The Times explained that the FBI also received a demonstration by the NSO of the Phantom, a different hacking tool that can do what Pegasus can’t – target and infiltrate US cell phone numbers. After the show, government lawyers spent years debating whether to buy the Phantom. Until last summer, the FBI and the Justice Department decided not to use NSO hacking tools in operations.
The FBI has paid NSO about $5 million since the bureau first purchased Pegasus.
The Times sued the FBI under the Freedom of Information Act for clerical documents regarding the purchase, testing, and possible distribution of NSO spyware tools. At a court hearing last month, a federal judge set a deadline of August 31 for the FBI to submit or humiliate all relevant documents. Government lawyers said the bureau had so far identified more than 400 pages of documents responding to the request.
The FBI’s letter to NSO, dated December 4, 2018, states that “The United States government will not, under any circumstances, sell, deliver, or otherwise transfer to another party without the prior consent of the Israeli government.”
FBI spokeswoman Cathy L. Milhoan said the bureau “works diligently to stay abreast of emerging technologies and trade.”
“The FBI has purchased a license to investigate possible future legal use of the NSO product and potential safety concerns posed by the product,” he continued. “As part of this process, the FBI met the requirements of the Israel Export Control Agency. After testing and evaluation, the FBI chose not to use the product operationally in any investigation.”
A January Times article revealed that the CIA arranged and paid for the Djibouti government’s purchase of Pegasus in 2018 to assist its government in counter-terrorism operations, despite longstanding concerns about human rights abuses there.

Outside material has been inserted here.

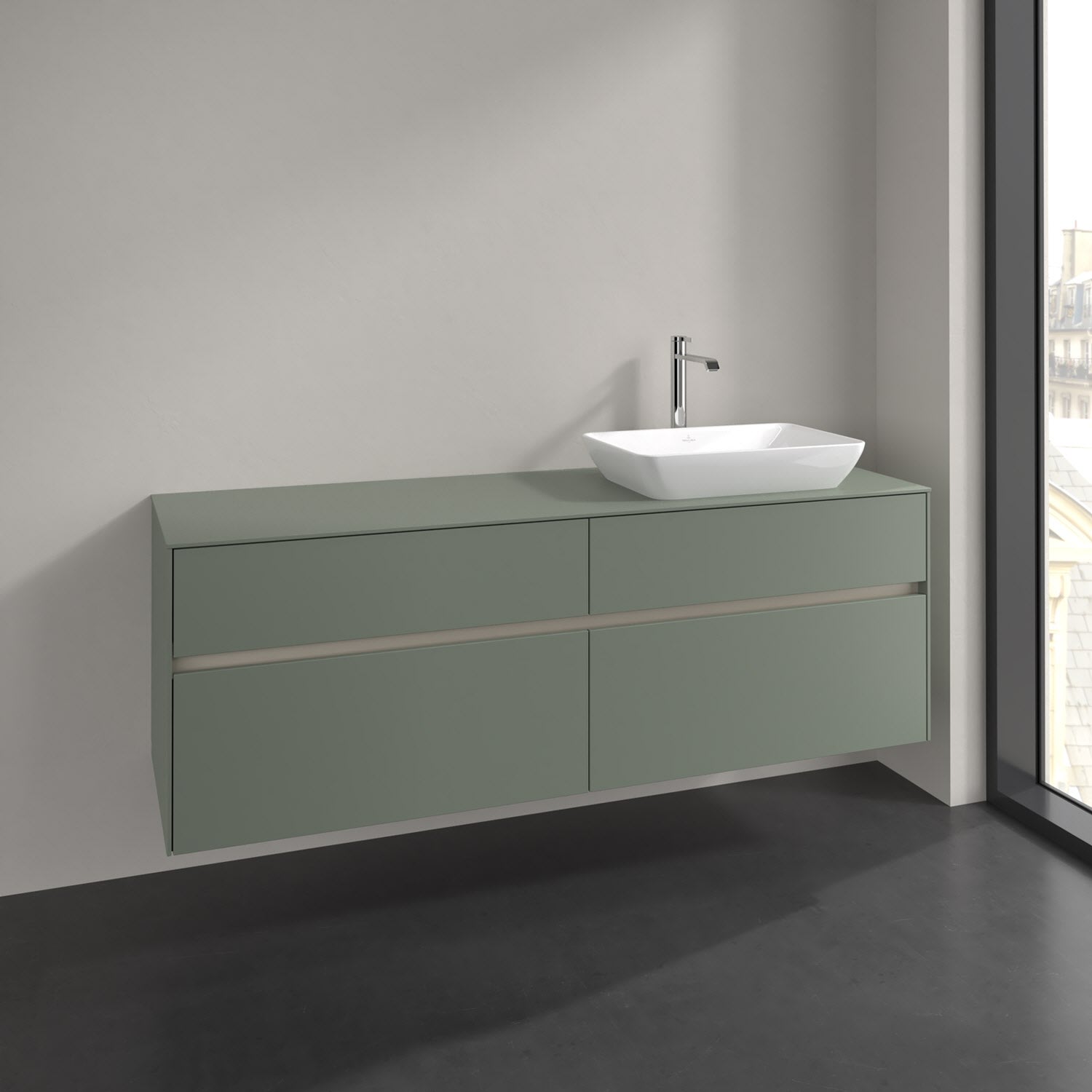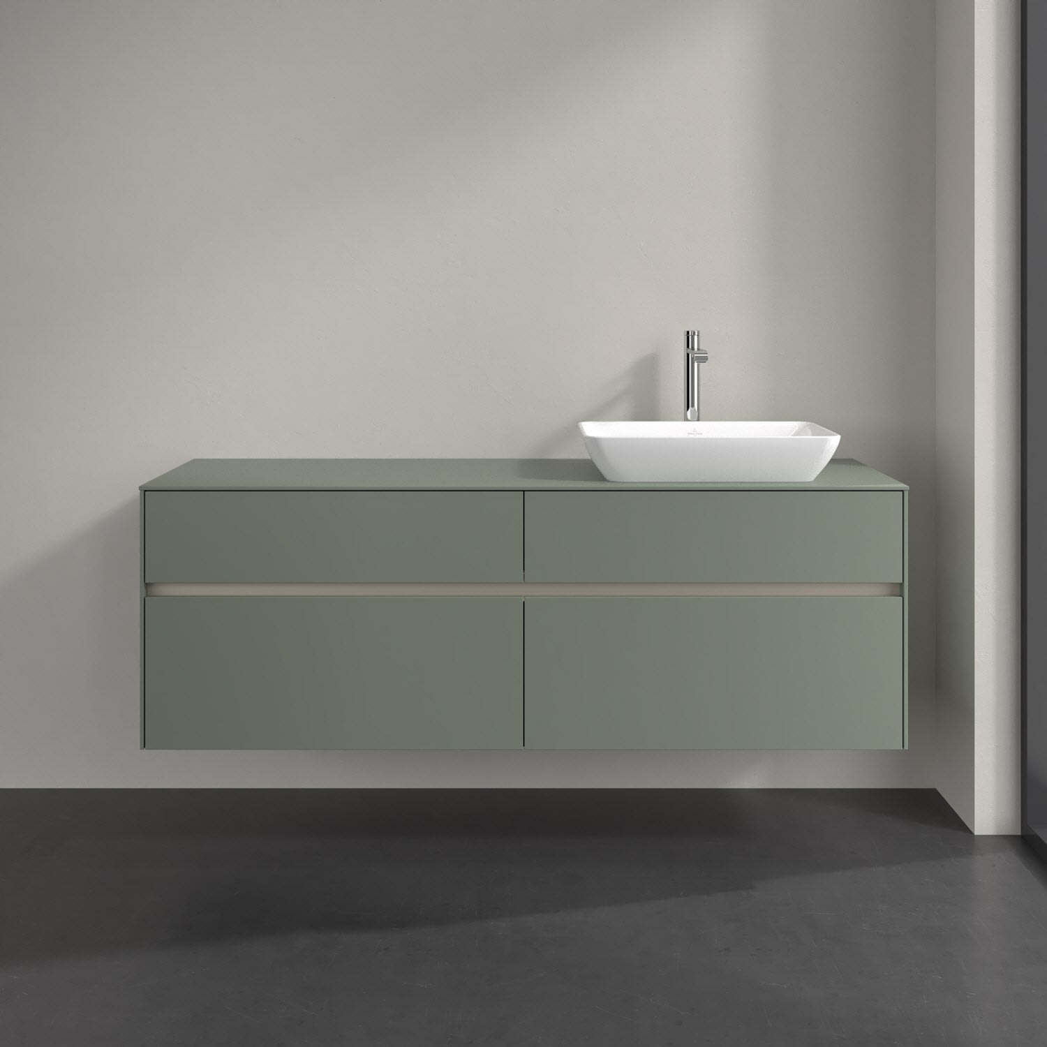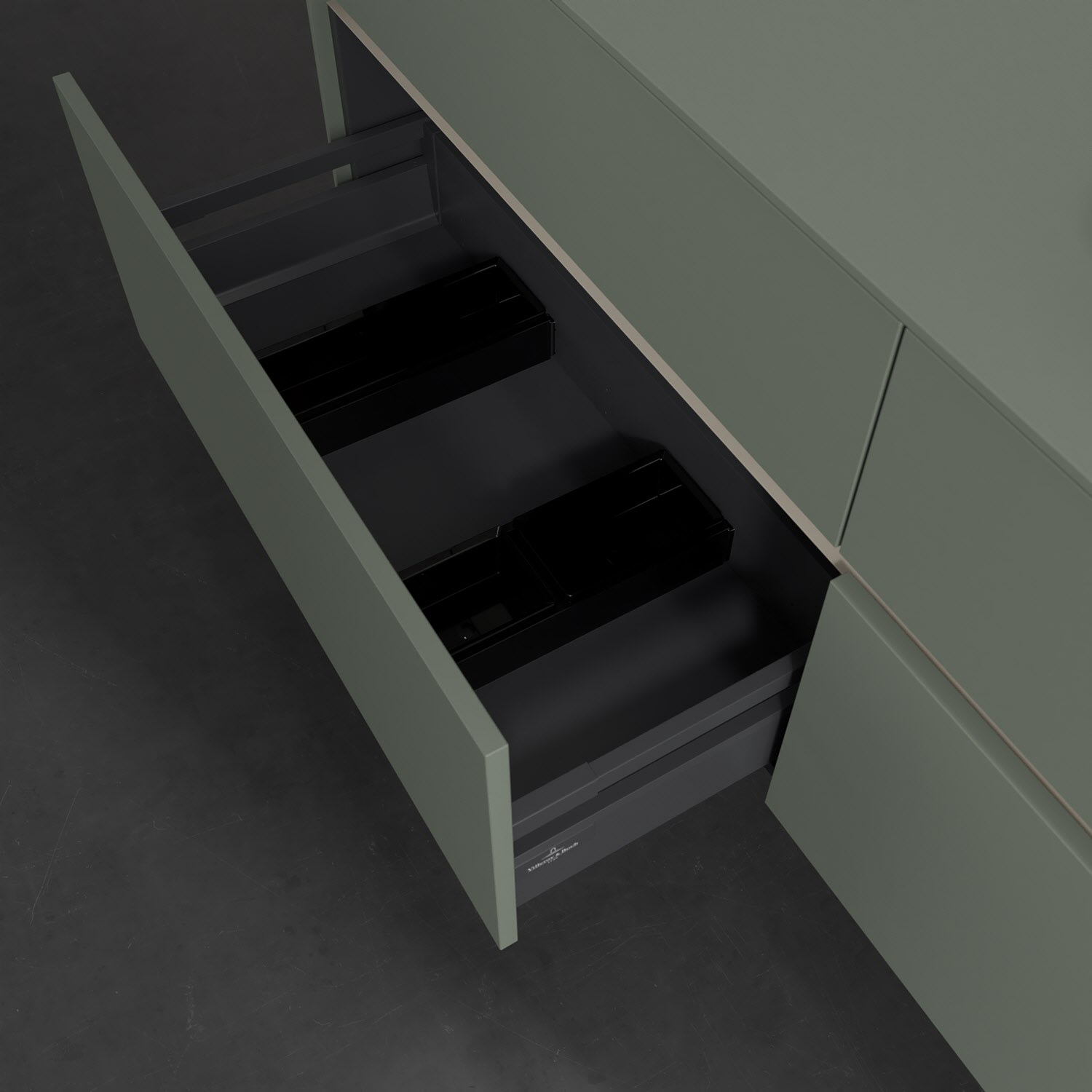Stauraumwunder im zeitgemäßen Design: Der Villeroy & Boch Waschbeckenunterschrank aus der Collaro Kollektion eignet sich besonders für Familienbäder und bietet genau den Platz, der dort benötigt wird. Stimmungsvolles Highlight der schlichten, modernen Front ist die integrierte Griffmulde mit stufenlos einstellbarer LED-Beleuchtung. Im Inneren bietet das Möbelstück mit vier Auszügen erstaunlich viel Komfort – ermöglicht durch großzügiges Platzangebot und den integrierten Antirutschboden. Variabel setzbare Glasabtrennungen und mitgelieferte Accessory Boxen sorgen für den nötigen Überblick. Dank SoftClosing und Selbsteinzug lassen sich die Auszüge nach der Nutzung lautlos schließen. Die Front ist mit einer hochwertigen Lackierung versehen, deren Anti-Fingerprint-Oberfläche unschönen Fingerabdrücken vorbeugt.

Pegasus is a so-called zero-click hacking tool – it can remotely extract everything from the target’s cell phone, including photos, contacts, messages and video recordings, without the user needing to click a phishing link to gain remote access to Pegasus. It also turns phones into surveillance and covert recording devices, allowing the phone to spy on its owner.
NSO has sold Pegasus to dozens of countries that use spyware as part of investigations into terror networks, pedophile gangs and drug gangs. But it has also been abused by authoritarian and democratic governments to spy on journalists, human rights activists and political dissidents.
On Tuesday, the head of the Spanish intelligence agency overthrown After recent revelations by Spanish authorities that they were both the victims of the Pegasus spyware deployed.
The dismissal of official Paz Esteban comes days after the Spanish government announced that the mobile phones of top Spanish officials, including Prime Minister Pedro Sánchez and Defense Minister Margarita Robles, were hacked by Pegasus last year. It has also recently emerged that the Spanish government has used Pegasus to hack into the cell phones of Catalan separatist politicians.
Israel used the tool as a bargaining chip in diplomatic negotiations, particularly in secret negotiations that led to the so-called Abraham Accords that normalized relations between Israel and many of its historic Arab adversaries.
In November, the Biden administration put NSO and another Israeli firm in a deal. “black list” of companies They are prohibited from doing business with American companies. The Commerce Department said the companies’ spyware tools “allow foreign governments to carry out transnational repression, the practice of authoritarian governments targeting dissidents, journalists and activists outside their sovereign borders to silence dissent.”
Mark Mazetti reported from Washington and Ron Bergman from Tel Aviv.